Suppose I want to solve a non-linear Schrödinger equation using imaginary time propagation to get the ground state solution. I choose $t = - i \tau$, and then solve the equation using the split-step Crank-Nicholson method. All the excited states will decay faster than the ground state and eventually, only the ground state remains.

Suppose, I would like to check whether the obtained solution is stable or not. To that end, I would add a small perturbation to the obtained solutions and evolve it. If the solution is stable, it should converge back to its unperturbed state, if not, it will diverge.

My question is whether it is possible to do the second part using imaginary time propagation? Can somebody tell me where to use and where not to use the real time and imaginary time propagation, respectively?


2 Answers 2


You pretty much answered it for yourself. If you're really concerned with getting a stable solution with imaginary time for the ground state, you shouldn't be perturbing it a little. Instead, you might want to start out with a completely different initial wavefunction than the one you used to begin with.

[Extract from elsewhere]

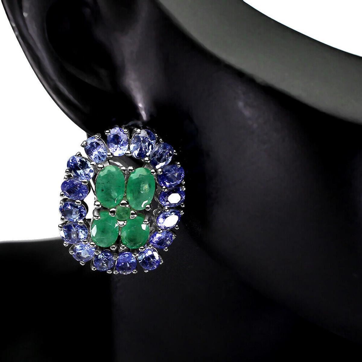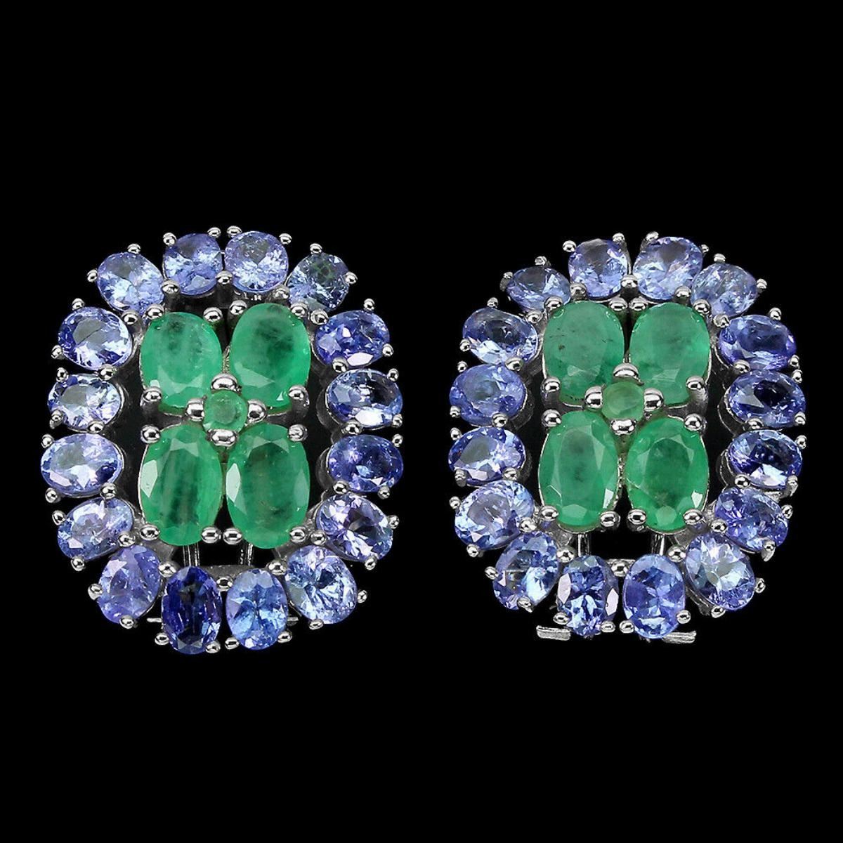 925 STERLING SILVER;PLATE-14K WHITE GOLD;MAIN STONE-EMERALD;OTHER GEMS-TANZANITE;TOTAL WEIGHT-8.5 GRAM (TOTAL WEIGHT OF SILVER + STONE)DIMENSION-* STONE 2.0 TO 6.0 X 4.0 MM.;* FACE EARRINGS- 23.0 X 18.0 MM.;MAIN STONE SHAPE-OVAL CUT;MAIN STONE COLOR- GREEN;TREATMENT-UNHEATED;ORIGIN-BRAZIL;HARDNESS-7.5 - 8.0;

Basically, imaginary time is used to find the ground state, as you are doing. Real time propagation is for studying dynamics. You can test your initial state solution by propagating in real time and checking that it doesn't change. You can try the little perturbation test, and you should get back to the right solution (although I don't know how much this really tells you).

Note that I've only done this in the context of Bose-Einstein condensation, so there might be other factors to consider if you're studying something different, although I can't think of any. If you have a "good" potential (no numerical singularities) and a sensible nonlinear term (you're not pushing the limits of your solver with huge or hugely small numbers) then you shouldn't have any problems.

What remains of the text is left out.